AmbientCapabilities=CAP_DAC_OVERRIDE CAP_DAC_READ_SEARCH CAP_FOWNER CAP_SYS_ADMIN

# With NoNewPrivileges, running sudo cannot gain any new privilege
NoNewPrivileges=true

[Install]
WantedBy=multi-user.target

# /etc/systemd/system/bees.service.d/override.conf
[Service]
Slice=maintenance.slice
IOWeight=10
StartupIOWeight=25

# /etc/systemd/system/maintenance.slice
[Unit]
Description=Limit maintenance tasks resource usage

[Slice]
AllowedCPUs=16-19
CPUWeight=20
IOWeight=10

Adjust for your needs. I'm running on i7-12700K, CPU 16-19 are the e-cores. My subvolid=0 is mounted at /mnt/btrfs-pool.

If the kernel leaks IO priorities into other process contexts, you may want to remove these:

IOSchedulingClass=idle
IOSchedulingPriority=7

Tuning the services while running may partially work using systemctl edit [--full] {bees.service|maintenance.slice}, or some of the property commands of systemctl.

kakra avatar Aug 17 '22 15:08 kakra

It looks like I should use libvirt hooks to stop the bees service after the VM is running.

daiaji avatar Aug 17 '22 16:08 daiaji

If the kernel leaks IO priorities into other process contexts,

How does one find out for sure whether their kernel does or does not do that?
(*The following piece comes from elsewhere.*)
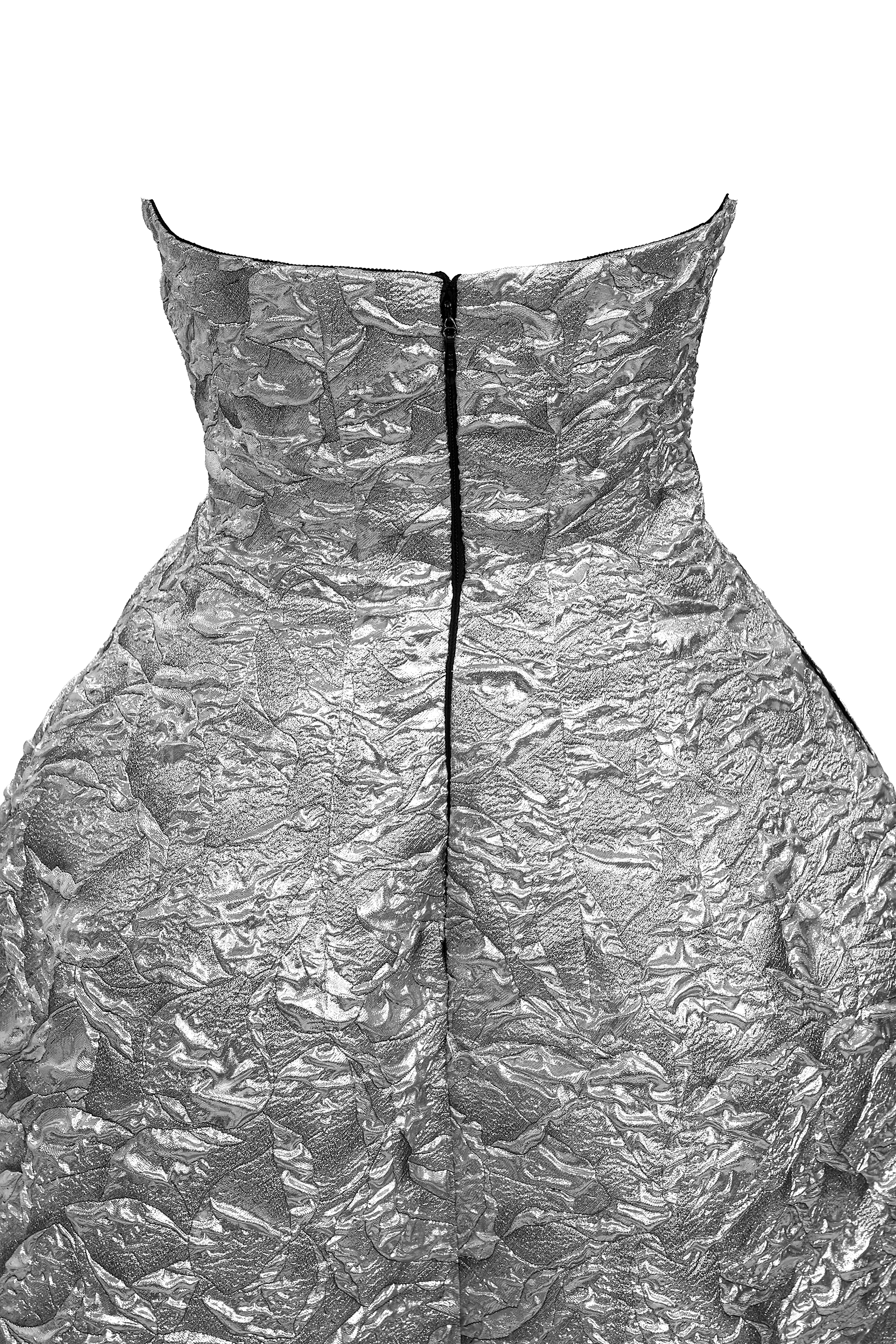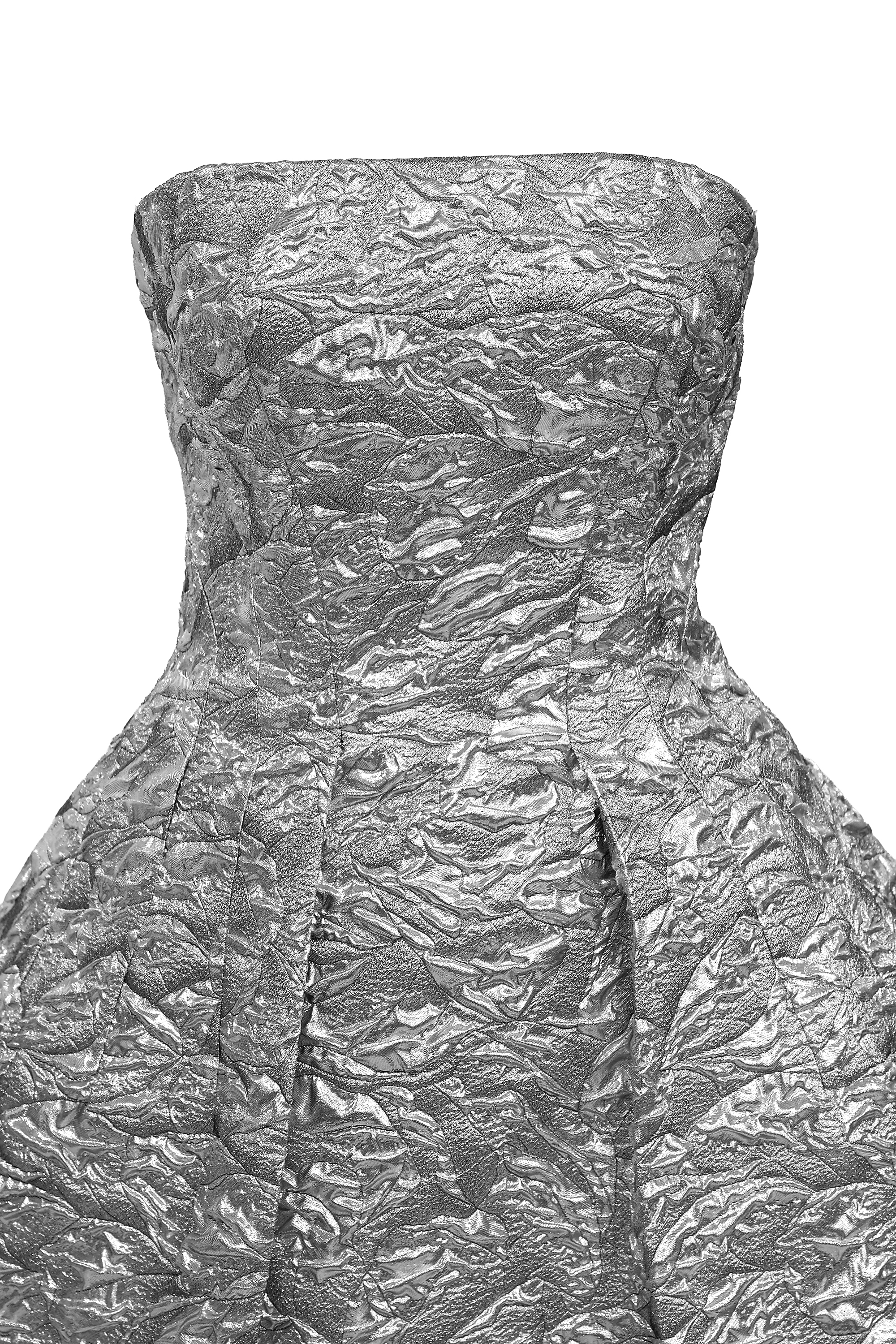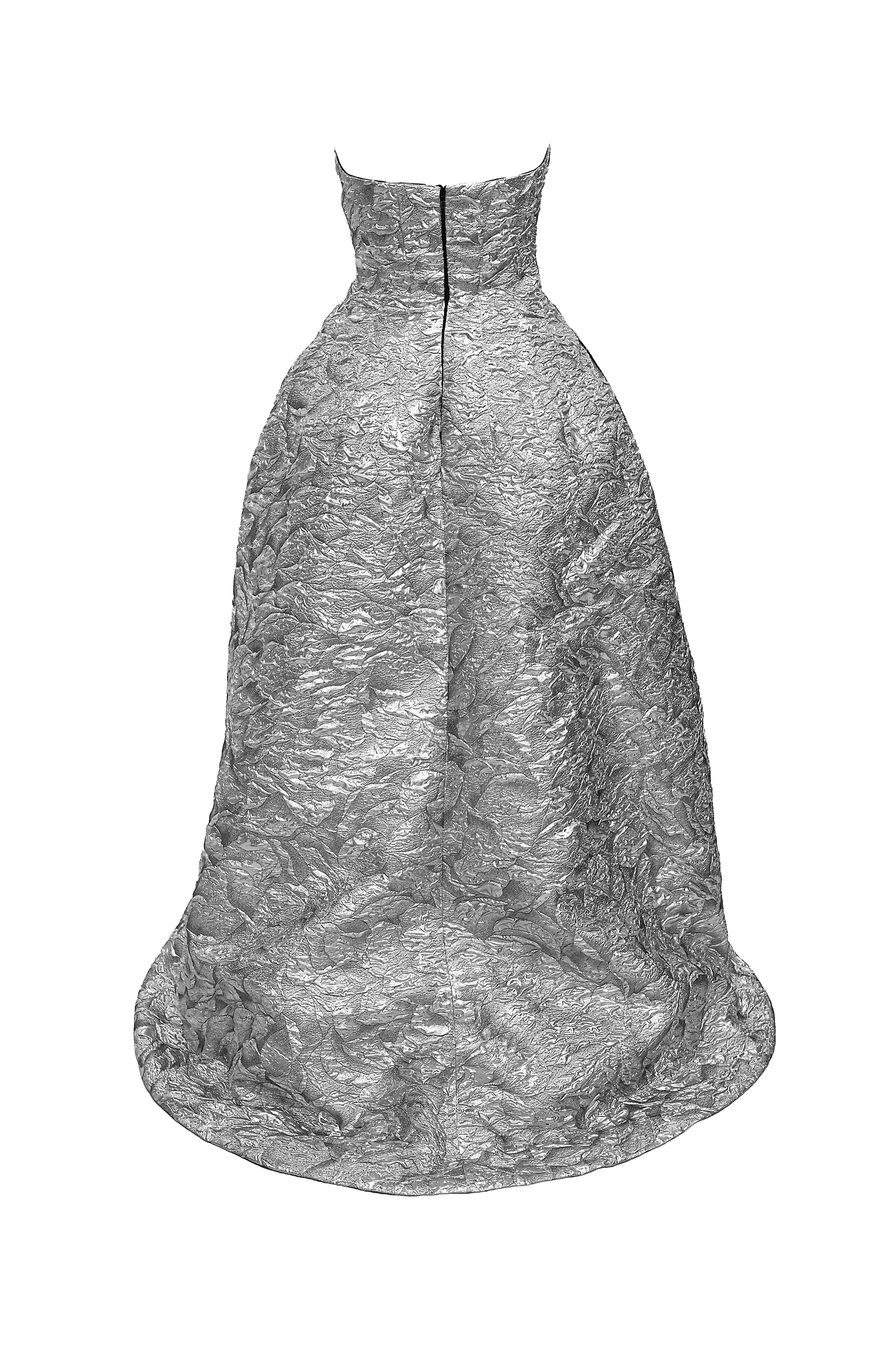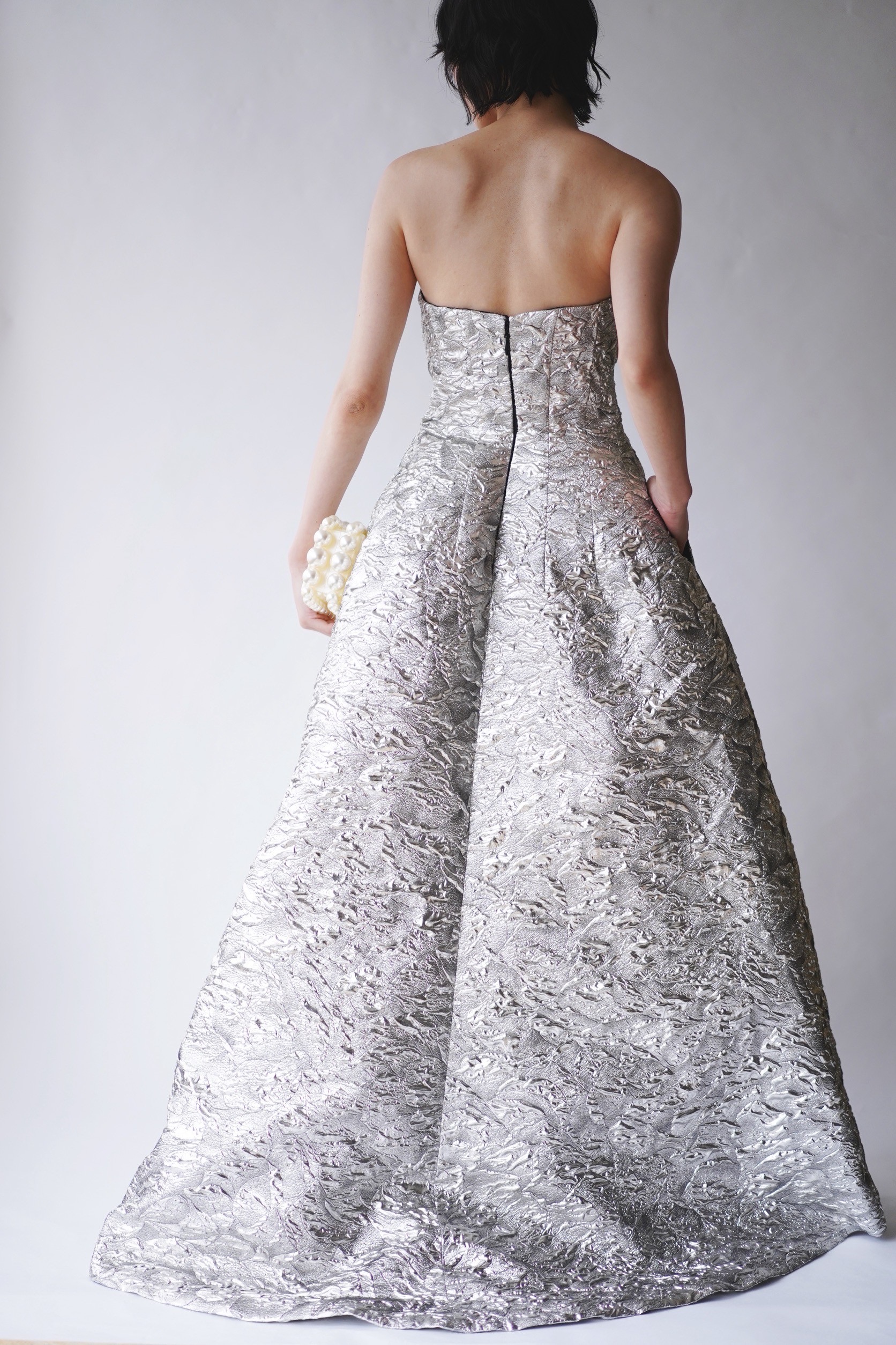 シルバーのメタリックジャガードが目を惹く1着。シルバーに輝くジャカード生地とリュクスなボリューム感が印象的で、記憶に残るドレスアップを叶えてくれます。ボディ部分は、しっかりとしたボーンと中ゴム入りの構築で、ストラップレスながらしっかりとしたホールド感があり安心感がございます。結婚式の二次会や前撮りのドレスとしても是非。

For example mine (NixOS 6.2.11, i.e. the latest and presumably mostly-vanilla) apparently does, judging by system behavior with and without the IOSchedulingClass=idle setting in the bees service (local audio playback stutters with it, works fine without it).

And if the norm is that the kernel does leak IO priorities, then maybe those lines should be removed from [email protected], or at least commented out with the explanation?

cmm avatar Apr 20 '23 08:04 cmm

There seem to be a lot of issues coming into play here:

  • IOSchedulingClass leaks into other processes IO, maybe due to tree updates affecting multiple processes, I don't know but it seems to be a thing (thanks @cmm, interesting observation)
  • Using memory cgroups probably allows bees stealing ownership of cached content from other processes, if you limit bees memory via cgroups, you are actually discarding valuable caches early from other processes, this is not limited to bees but bees tends to touch fresh data generated by other processes, so I currently disabled memory cgroups in my kernel and rather use the generational LRU
  • the more snapshots, the higher the kernel sys times caused by bees, negatively affecting other processes probably due to tree locks: I think this can be somewhat mitigated by adding more spindles (or other storage adding new IO queues) to the pool, and isolating workloads to different subvolumes
  • I've discovered that some btrfs operations cause vast amounts of kernel memory allocations, showing up in /proc/buddyinfo as huge amounts of order 1 and 2 free memory blocks, essentially causing memory fragmentation, which in turn discards caches early due to memory pressure, it leads to IO stutter, IO stalls and affects even unrelated processes and filesystems, this behavior seems to occur in short bursts, using transparent hugepages magnifies the issue exponentially, increasing vm.min_free_kb can somewhat mitigate the problem

kakra avatar Apr 20 '23 10:04 kakra